At present, the available intervention for wound repair mainly include various growth factors, small molecular compounds, wound dressings and hydrogels, which are far from meeting the clinical needs, thus the development of novel wound healing therapy is urgently highlighted[54]. In our study, the peptide RL-QN15 secreted from the skin of R. limnocharis frogs was loaded onto MPDA particles (Figure 7A). The MPDA particles as drug delivery system loaded with peptides adhere to the wound surface and release RL-QN15 (Figure 7B). Then, according to our previous research, during the inflammatory phase, RL-QN15 stimulates inflammatory cells, especially macrophages, to secrete cytokines such as TGF-β1[22] (Figure 7C). Which is a multifunctional growth factor that exerts pleiotropic effects on wound healing by regulating cell proliferation and migration, differentiation, ECM production, and immune modulation[55]. Next, the wound enters the proliferative phase. TGF-β1 and RL-QN15 promote the proliferation and migration of skin fibroblasts and keratinocytes, resulting in wound closure (Figure 7D). Finally, during the tissue remodeling period, the skin in the wound site is fully restored, including primarily restoration of the epidermal and dermal layers with appendages, such as hair follicles (Figure 7E).

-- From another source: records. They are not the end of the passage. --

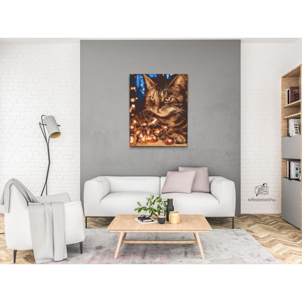Gyémántszemes kirakó - Macska fényfüzérrel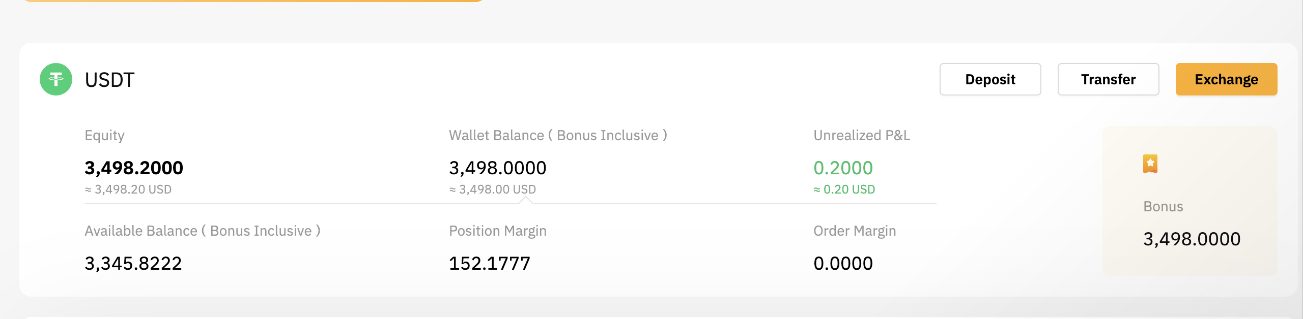 바이비트에서 제공하는 USDT 테더 보너스는 일반 현물, 자산과 달리 사용에 제약이 있습니다. 실제 자산처럼 사용할 수는 있지만, 보너스로 받은 USDT 테더는 선물거래용으로만 사용이 가능합니다. 현물거래가 불가능한 것이죠.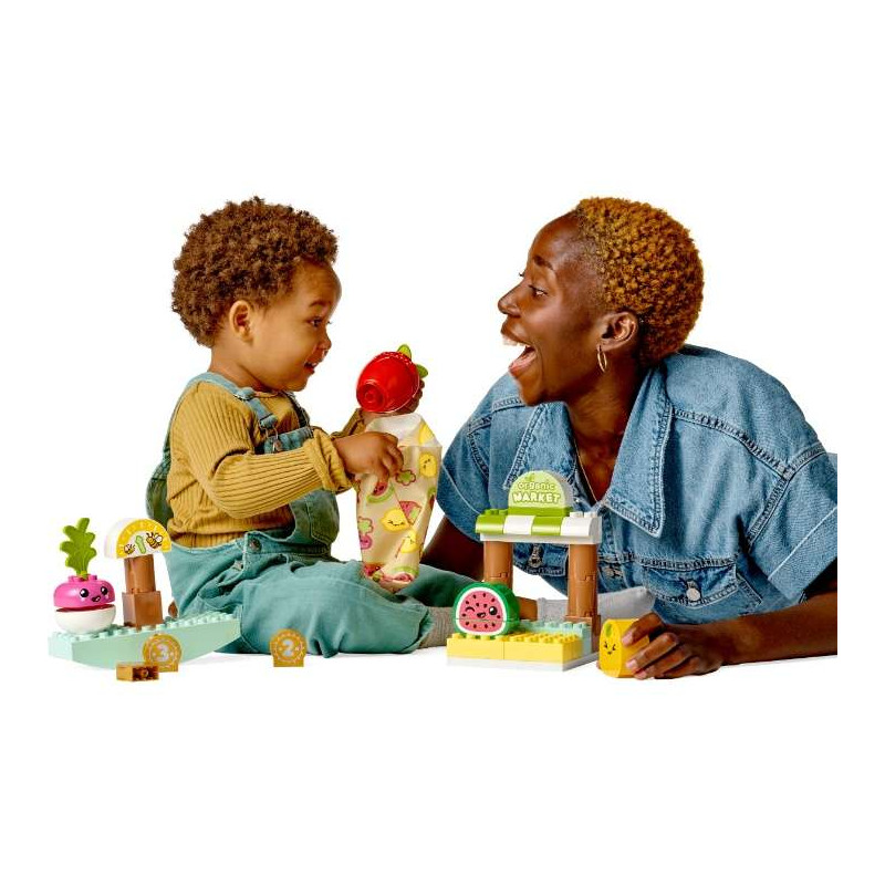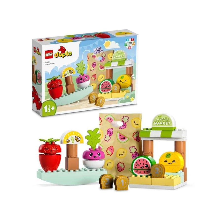 Zahrajte si s dětmi na obchod se stavebnicí LEGO® DUPLO® Můj první bio farmářský trh (10983). Tento roztomilý farmářský trh dětem umožní hrát si na opravdový svět. Budou vážit potraviny, platit mincemi různých hodnot a nosit jídlo domů v rozkošné látkové tašce. Edukační hračky, se kterými je legrace Děti se budou učit vyvažovat kostky, zatímco budou na sebe skládat ředkvičku, jahody, citron a meloun. Všechny stavebnice LEGO DUPLO jsou navržené tak, aby rozvíjely schopnost sebevyjádření. V této stavebnici mají všechny dílky svůj výraz, který zažehne jiskru představivosti a zajistí zábavné hraní! Tvořivá vzdělávací stavebnice pro nejmenší Hračky LEGO DUPLO dávají těm nejmenším možnost zažít neomezené tvoření, sebevyjádření a zábavné učení. Tato stavebnice inspiruje děti a dospělé k společnému interaktivnímu hraní, ve kterém se z jednoho stane stánkař s ovocem a zeleninou a z druhého zákazník. Stavebnice DUPLO umožní rodičům a malým dětem sdílet vzácné vývojové milníky, zatímco si spolu hrají a staví.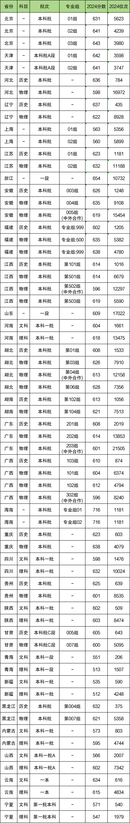 以下是中央财经大学2024年在全国各省的最低录取分数: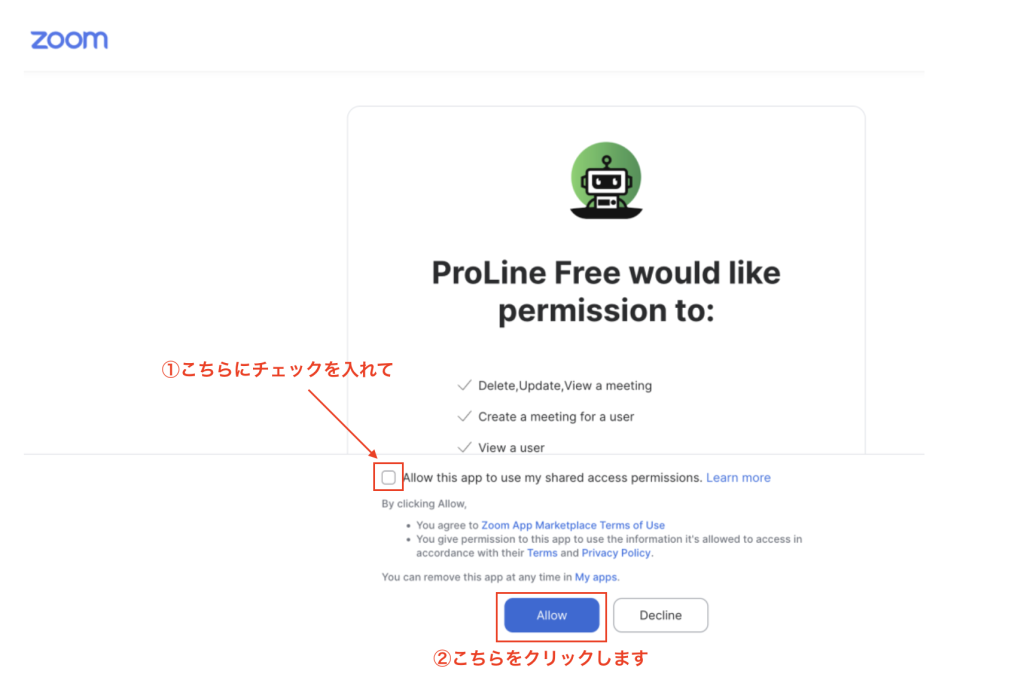 Zoomにサインインすると、以下のようにプロラインに対して共有アクセス権限を許可をしても良いかどうかの認証画面が表示されます。

Many nanoparticles have been found to promote wound healing through their intrinsic characteristics (antibacterial, anti-oxidant, promote cell proliferation and migration). For example, cerium oxide nanoparticles accelerate the healing of full-thickness dermal wounds in mice via enhancement of the proliferation and migration of fibroblasts, keratinocytes[56]. MPDA nanoparticles showed no healing ability, but improved the healing effect of RL-QN15. On the one hand, MPDA nanospheres prolonged the effective concentration of RL-QN15 on the wound surface by continuously releasing RL-QN15. On the other hand, the MPDA microsphere shell protected RL-QN15 from modification by endogenous (e.g., tyrosinase, elastase, metalloproteinase) and exogenous (e.g., produced by colonized microorganisms) enzymes, thus enhancing the therapeutic effect. Therefore, the construction of nanocomposite of MPDA and prohealing peptide might be an option for the development of novel prohealing interventions.